TASK TO CARRY OUT: In the copy, keep the lines from the first line of the material below through the line containing "盥洗臺局部照明:在鏡前區兩邊或四周安裝射燈或燈帶,便于梳洗。" exactly as they are, and include no pictures.

INFORMATION PROVIDED:
....

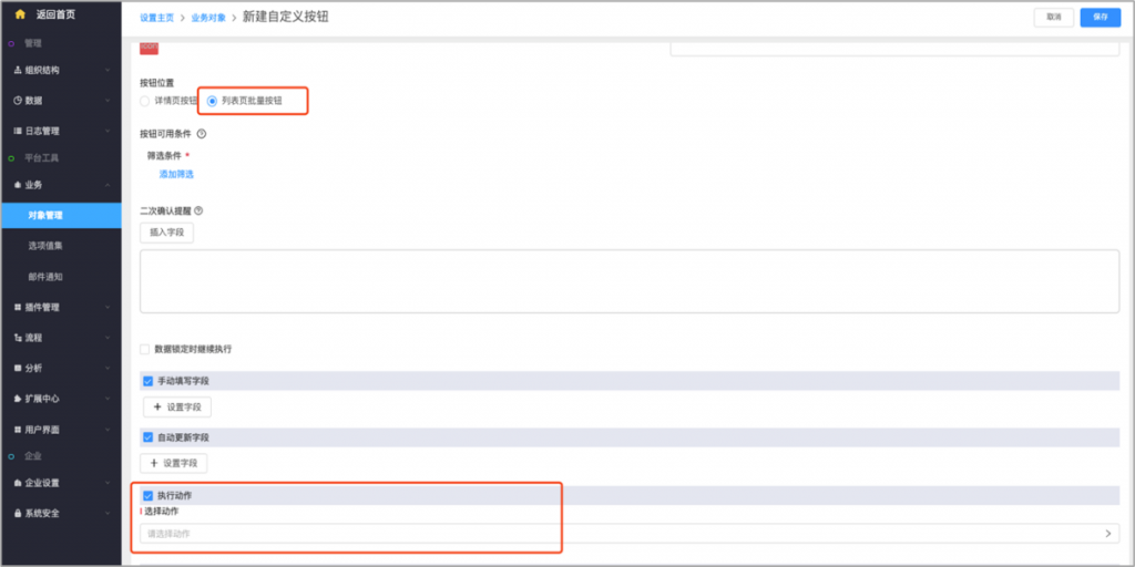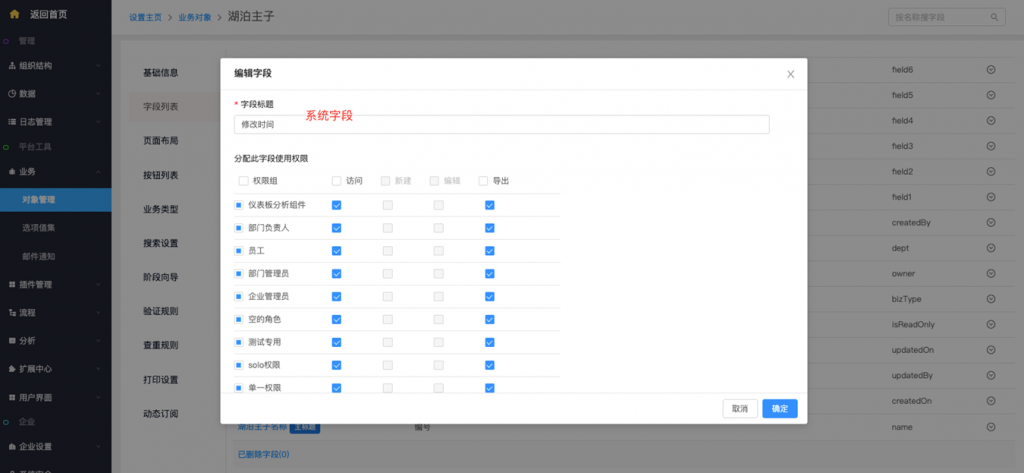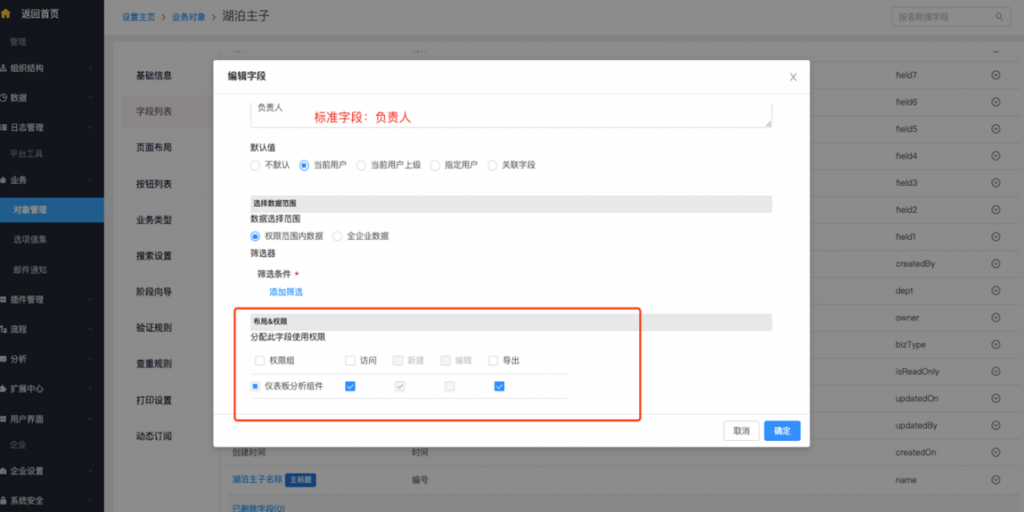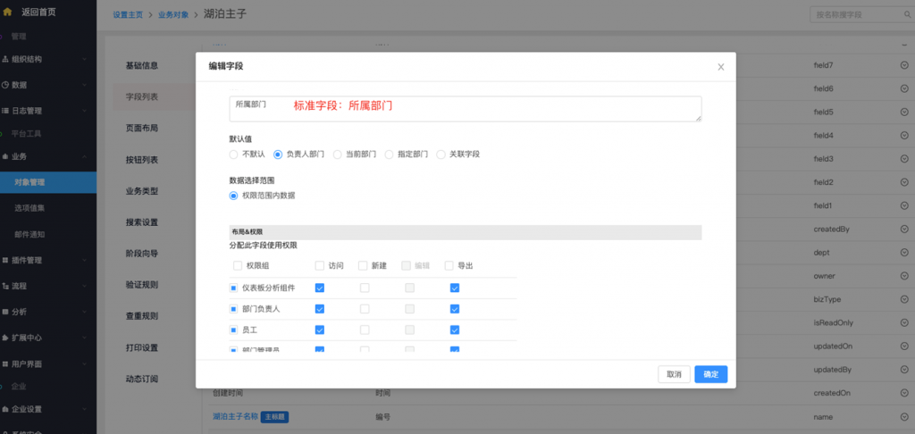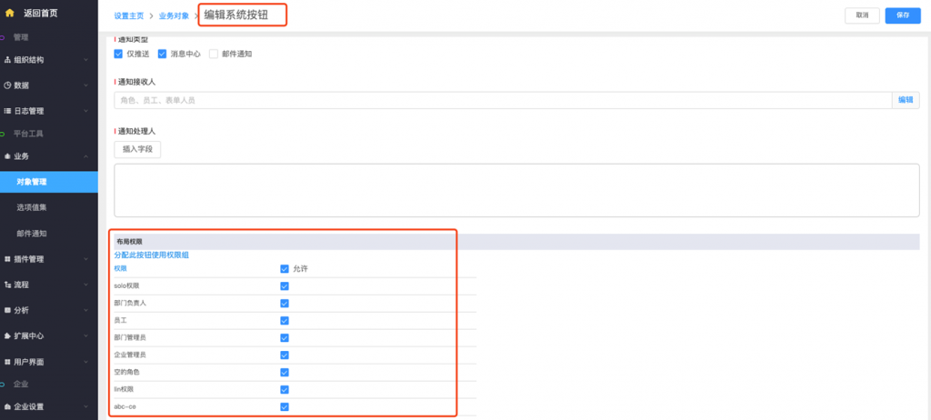 • 系統字段及按鈕修改權限配置:系統字段、標準字段(所屬部門及負責人)、按鈕支持在編輯時修改權限
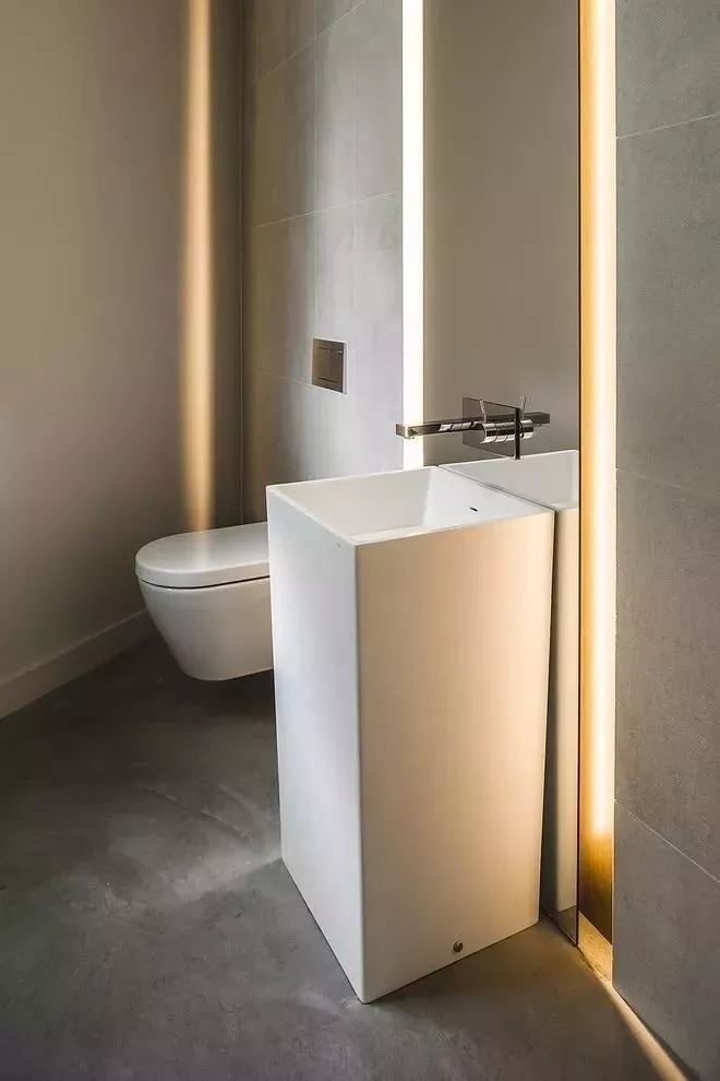 盥洗臺局部照明:在鏡前區兩邊或四周安裝射燈或燈帶,便于梳洗。
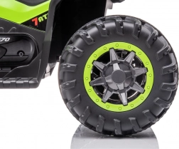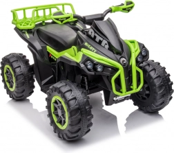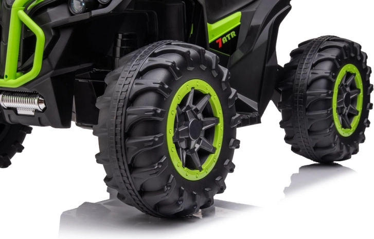 Ten dziecięcy elektryczny quad wyróżnia się wyrazistym zielono‑czarnym wzornictwem i realistycznym wykonaniem. Szerokie opony z głębokim bieżnikiem zapewniają pewność na nierównym terenie, a ergonomiczna kierownica z antypoślizgowymi chwytami gwarantuje wygodne i łatwe sterowanie. Idealny na podwórko, do ogrodu i na utwardzone ścieżki.

....

FINAL ANSWER:
 • 系統字段及按鈕修改權限配置:系統字段、標準字段(所屬部門及負責人)、按鈕支持在編輯時修改權限
 盥洗臺局部照明:在鏡前區兩邊或四周安裝射燈或燈帶,便于梳洗。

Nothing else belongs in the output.